Records excerpted from a collection
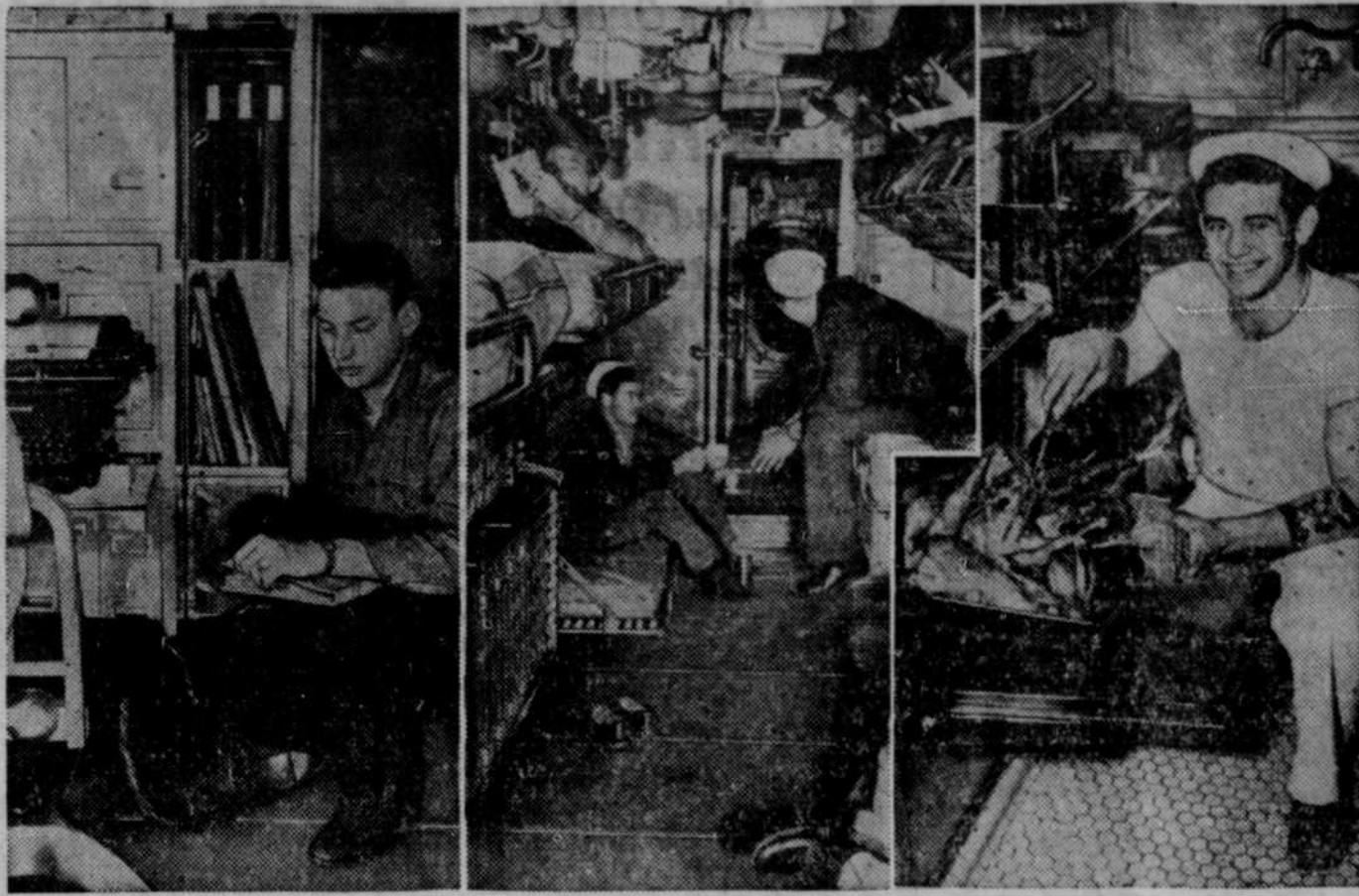
The USS Cuttlefish, a modern submarine, was built to provide comfortable quarters for its crew as well as to raise havoc with the enemy. Its facilities include a reception room, shower, and radios used solely for amusement. At left, a yeoman keeps records in the sub's office. Those records show that the Cuttlefish has sunk one Jap warship and three Jap merchant ships although it was launched very recently. At center is the crew's quarters, and at right, the cook smiles as he prepares turkey for dinner. The spacious engine room and other compartments of this sub belie the visions of cramped living conditions so often associated with submarines. The Cuttlefish is powered with Diesel engines and has the latest safety developments in its escape hatch.
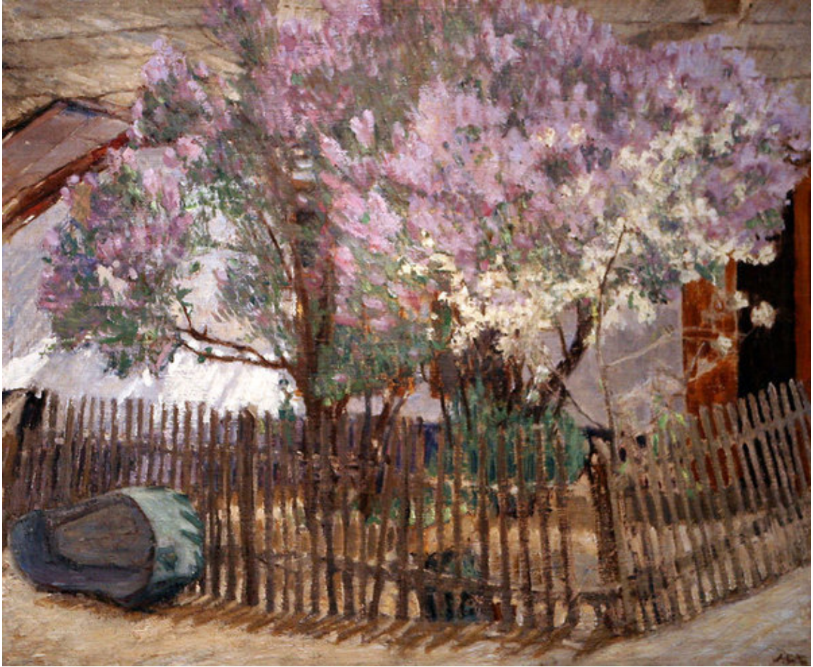
Figure II.3. Mikhail Larionov, Lilac Bush in Flower , 1905-06. State Tretyakovskaya Gallery, Moscow.
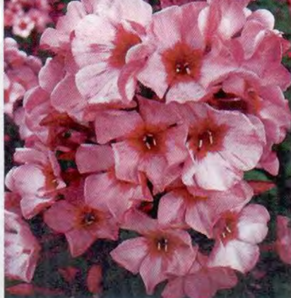
Phlox Red Caribbean

Darwin Perennials' dwarf Phlox paniculata Top Shelf series has exceptional mildew tolerance and stronger flowers, meaning longer shelf life and better
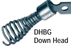
DHBG Down Head Boring Gimlet
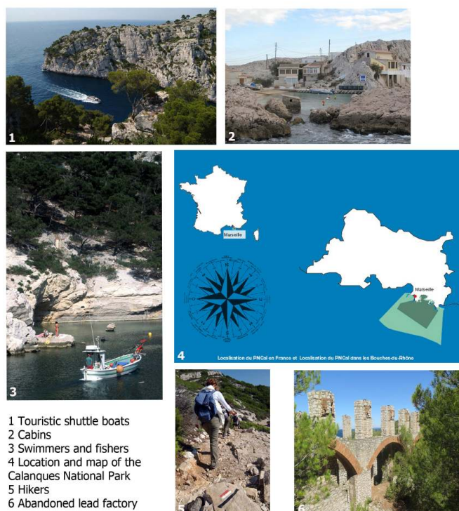
Figure 1 – The Calanques National Park: localisation, landscape and users
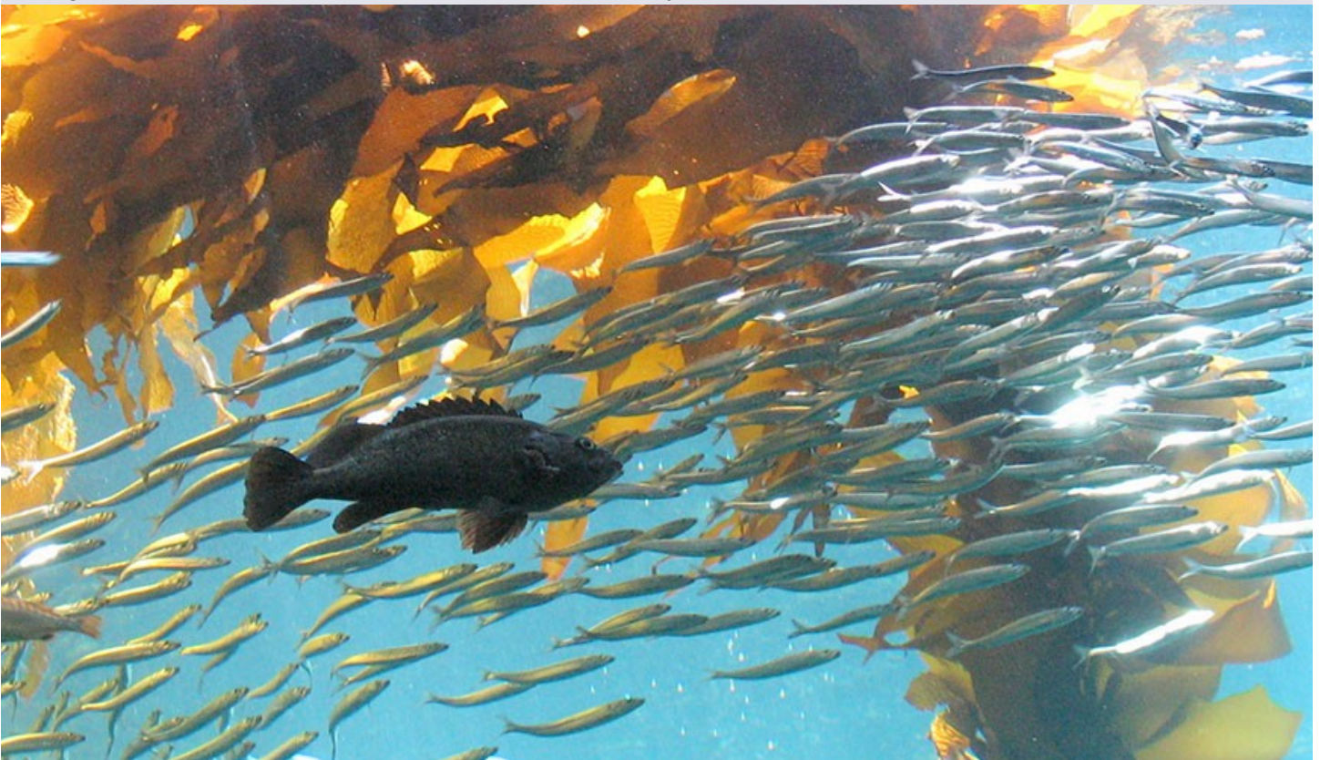
The vibrant kelp forests of the sanctuary provide habitat for hundreds of species.

While kelp may help mitigate climate change through carbon burial, it is not immune to its impacts. Warming waters can reduce kelp survival and reproduction 10,11 and kelp can be damaged by the strong waves associated with El Niño events, 7 which are projected to increase in frequency and intensity. 38 Kelp can also be impacted by ecological changes triggered by climate change. 39 In fact, anomalously warm waters from 2012-2016 appear to have contributed to a cascade of ecological events leading to the loss of 90% of the kelp canopy cover in some northern areas of the sanctuary. 39,40 This loss impacted species like rockfishes and sea otters and led to the closure of the valuable recreational red abalone fishery in 2018. 14 While climate change likely played a role in the kelp die off, 10,11 the immediate cause was a boom in purple sea urchin population. Ecological cascades, such as the sea urchin population boom and its impacts on kelp and other species, and other ecological changes, like shifting species, are likely to continue as the climate continues to change. These changes, together with other climate change impacts, could continue to alter kelp forest ecosystem functions and services.
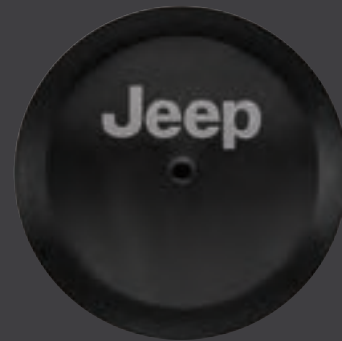
[ 82215434AB - 32-inch ] [ 82215708AB - 33-inch ]
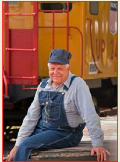
Taken at the Smithville Texas Photo Fest 2010
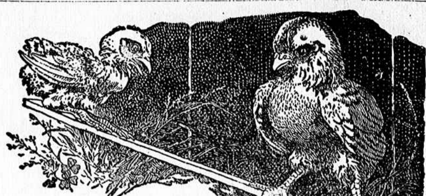
"Copyright 1921, Purina Mills"
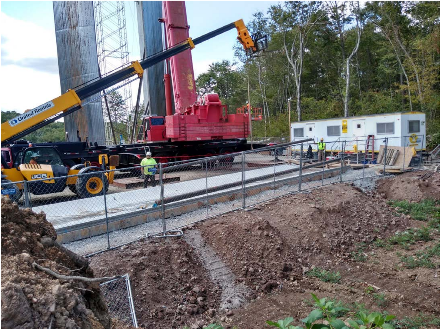
Picture 16: Attaching bracing poles to sixth tank wall panel. Shared access driveway, Middletown; view to the Northwest.

Required work
Go to the line above holding "Figure 1 – The", then copy exactly each line down to and including the one holding "The vibrant kelp", leaving pictures out.

Solved exercise
Figure 1 – The Calanques National Park: localisation, landscape and users
The vibrant kelp forests of the sanctuary provide habitat for hundreds of species.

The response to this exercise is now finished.